▶ _REQUIREMENT_
For this exercise, write each entry below out precisely and omit the pictures.
[SOURCE DATA Boundary: Start]
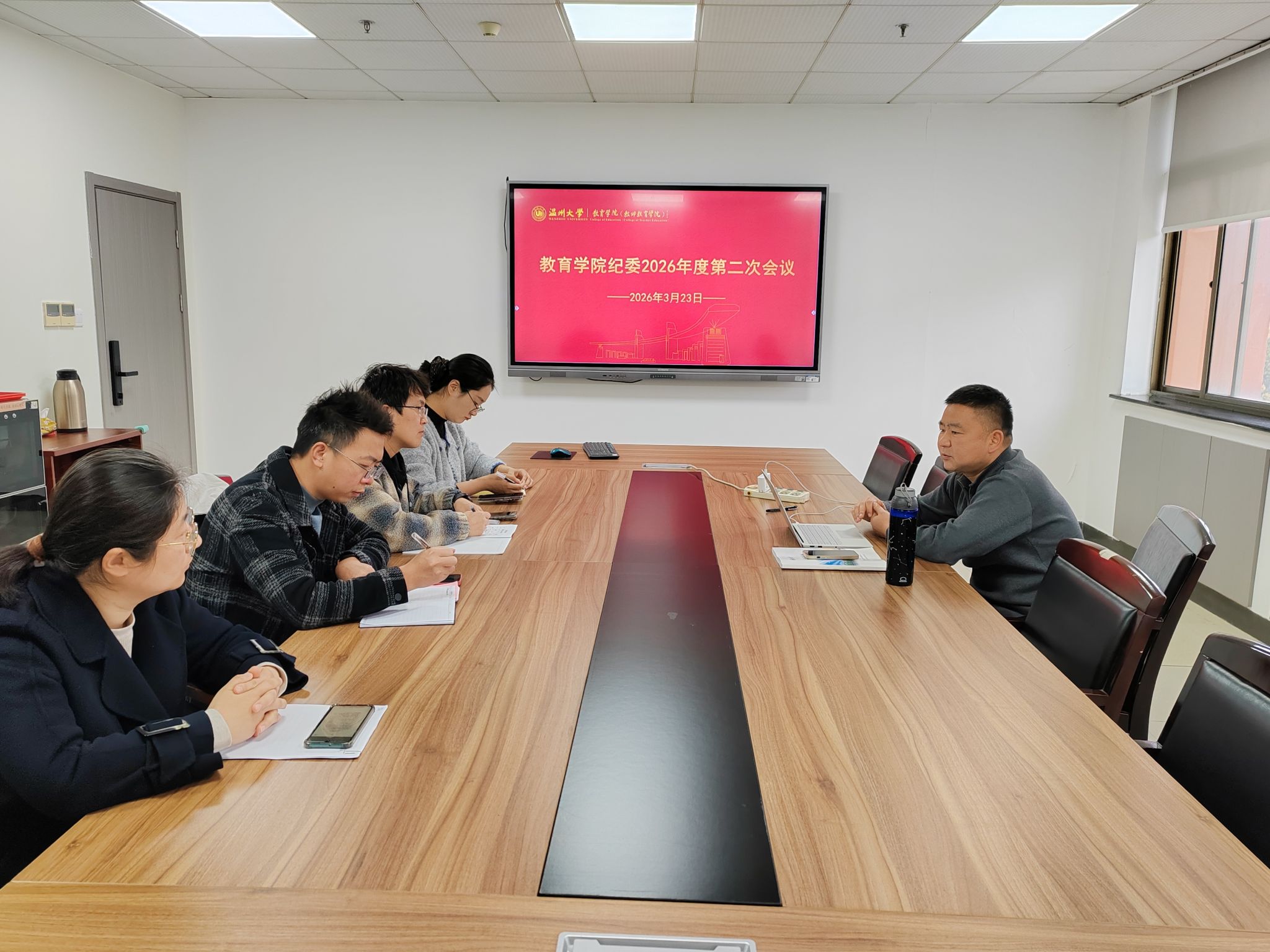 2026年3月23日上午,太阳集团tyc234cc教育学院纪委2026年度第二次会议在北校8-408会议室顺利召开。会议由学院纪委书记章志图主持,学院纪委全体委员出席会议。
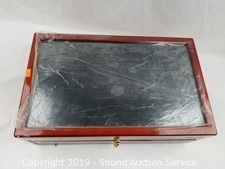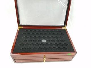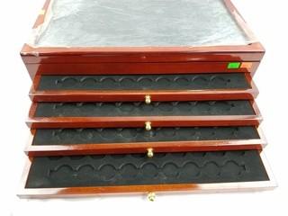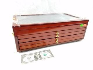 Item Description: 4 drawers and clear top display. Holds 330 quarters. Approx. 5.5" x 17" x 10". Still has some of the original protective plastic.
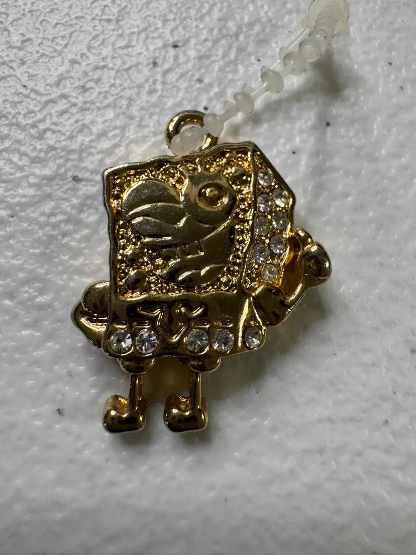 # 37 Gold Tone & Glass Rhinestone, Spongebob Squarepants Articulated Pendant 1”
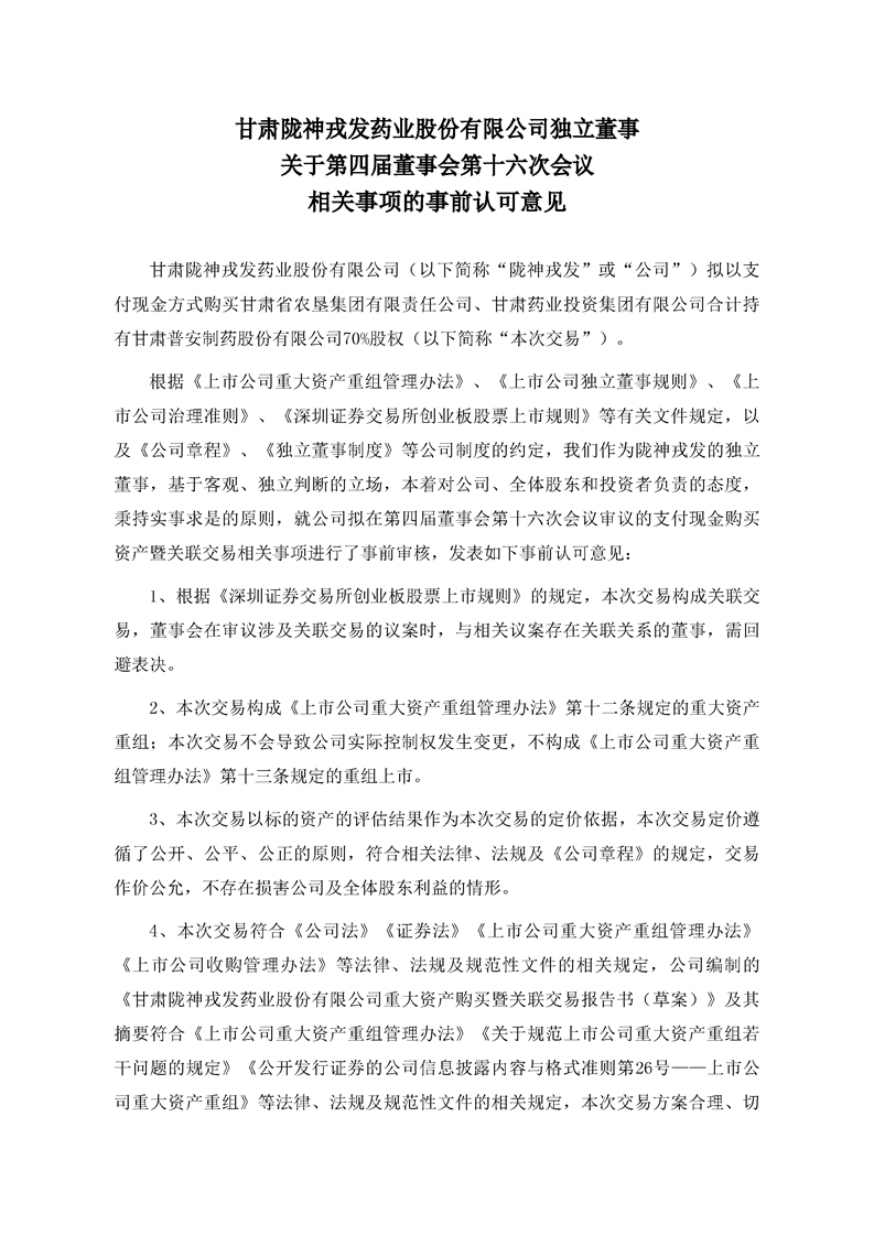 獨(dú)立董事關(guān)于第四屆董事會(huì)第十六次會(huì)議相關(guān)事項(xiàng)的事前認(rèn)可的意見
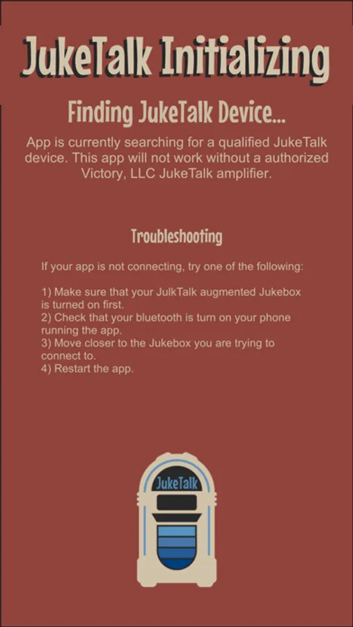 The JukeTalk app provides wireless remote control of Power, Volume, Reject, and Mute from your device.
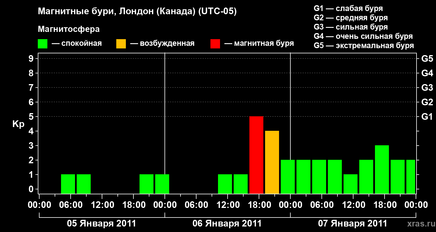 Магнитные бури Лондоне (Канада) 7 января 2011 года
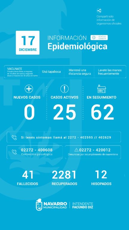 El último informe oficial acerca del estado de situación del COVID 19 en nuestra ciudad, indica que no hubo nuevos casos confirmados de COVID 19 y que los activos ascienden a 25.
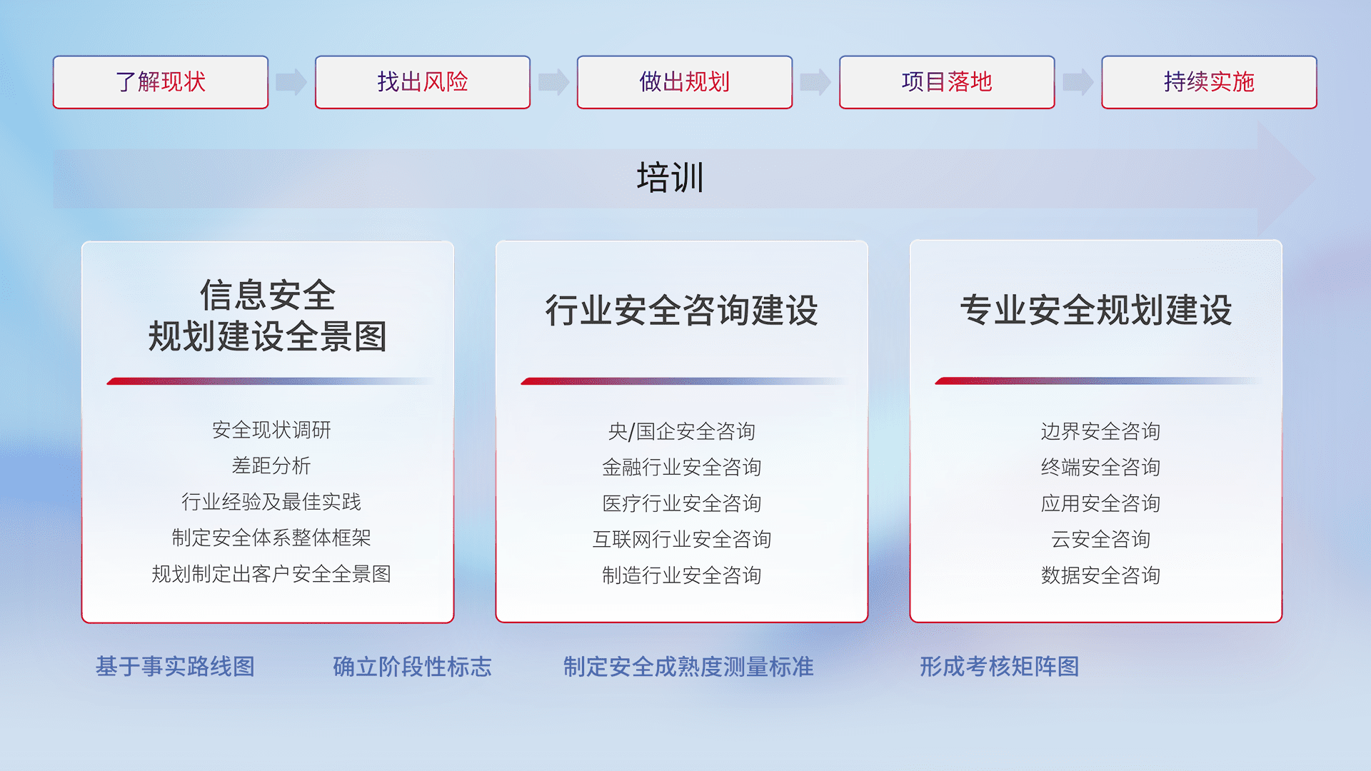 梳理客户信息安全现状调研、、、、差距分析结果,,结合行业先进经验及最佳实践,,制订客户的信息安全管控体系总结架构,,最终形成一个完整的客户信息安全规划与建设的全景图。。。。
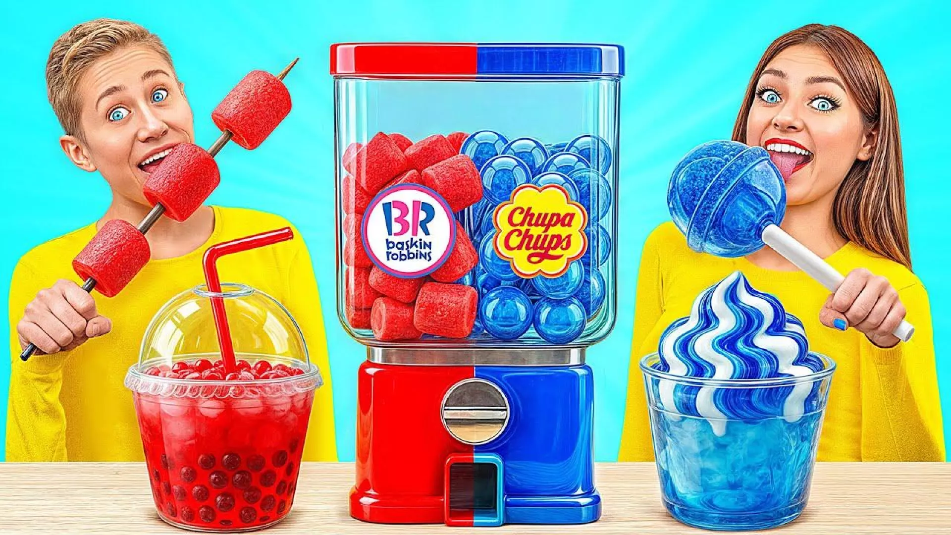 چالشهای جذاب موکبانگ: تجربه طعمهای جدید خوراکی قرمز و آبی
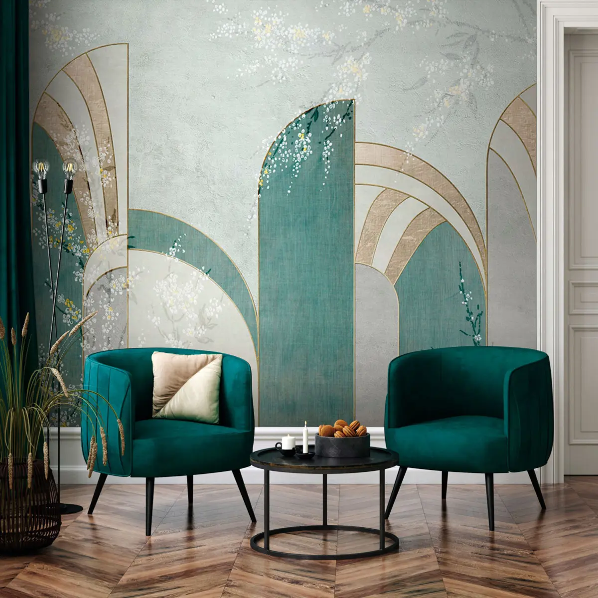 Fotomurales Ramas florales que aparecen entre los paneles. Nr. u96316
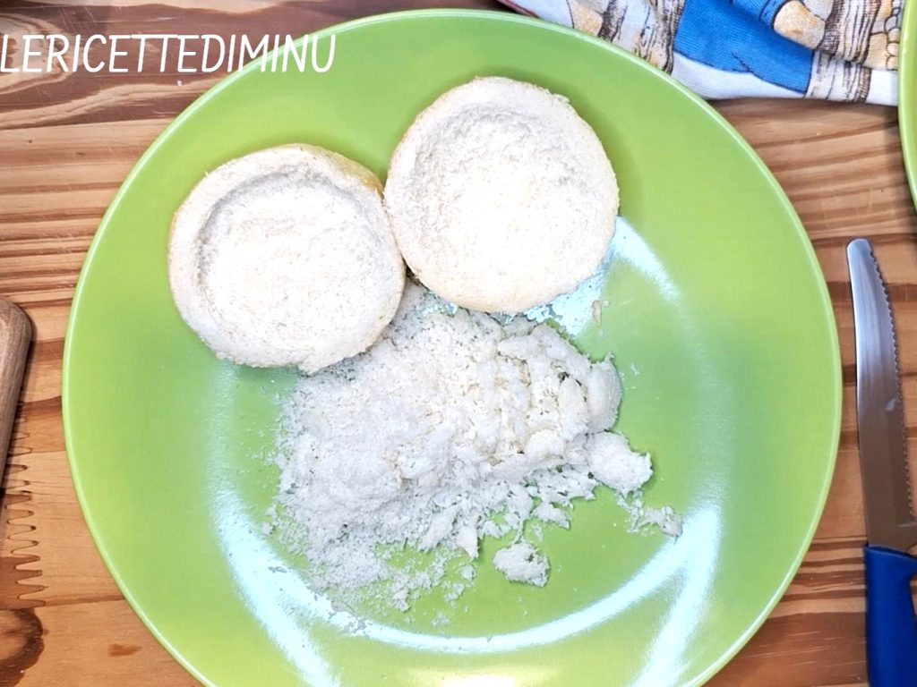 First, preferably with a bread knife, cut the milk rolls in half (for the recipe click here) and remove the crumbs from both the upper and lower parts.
[SOURCE DATA Boundary: End]
▶ _YOUR RESPONSE_
 2026年3月23日上午,太阳集团tyc234cc教育学院纪委2026年度第二次会议在北校8-408会议室顺利召开。会议由学院纪委书记章志图主持,学院纪委全体委员出席会议。
 Item Description: 4 drawers and clear top display. Holds 330 quarters. Approx. 5.5" x 17" x 10". Still has some of the original protective plastic.
 # 37 Gold Tone & Glass Rhinestone, Spongebob Squarepants Articulated Pendant 1”
 獨(dú)立董事關(guān)于第四屆董事會(huì)第十六次會(huì)議相關(guān)事項(xiàng)的事前認(rèn)可的意見
 The JukeTalk app provides wireless remote control of Power, Volume, Reject, and Mute from your device.
 Магнитные бури Лондоне (Канада) 7 января 2011 года
 El último informe oficial acerca del estado de situación del COVID 19 en nuestra ciudad, indica que no hubo nuevos casos confirmados de COVID 19 y que los activos ascienden a 25.
 梳理客户信息安全现状调研、、、、差距分析结果,,结合行业先进经验及最佳实践,,制订客户的信息安全管控体系总结架构,,最终形成一个完整的客户信息安全规划与建设的全景图。。。。
 چالشهای جذاب موکبانگ: تجربه طعمهای جدید خوراکی قرمز و آبی
 Fotomurales Ramas florales que aparecen entre los paneles. Nr. u96316
 First, preferably with a bread knife, cut the milk rolls in half (for the recipe click here) and remove the crumbs from both the upper and lower parts.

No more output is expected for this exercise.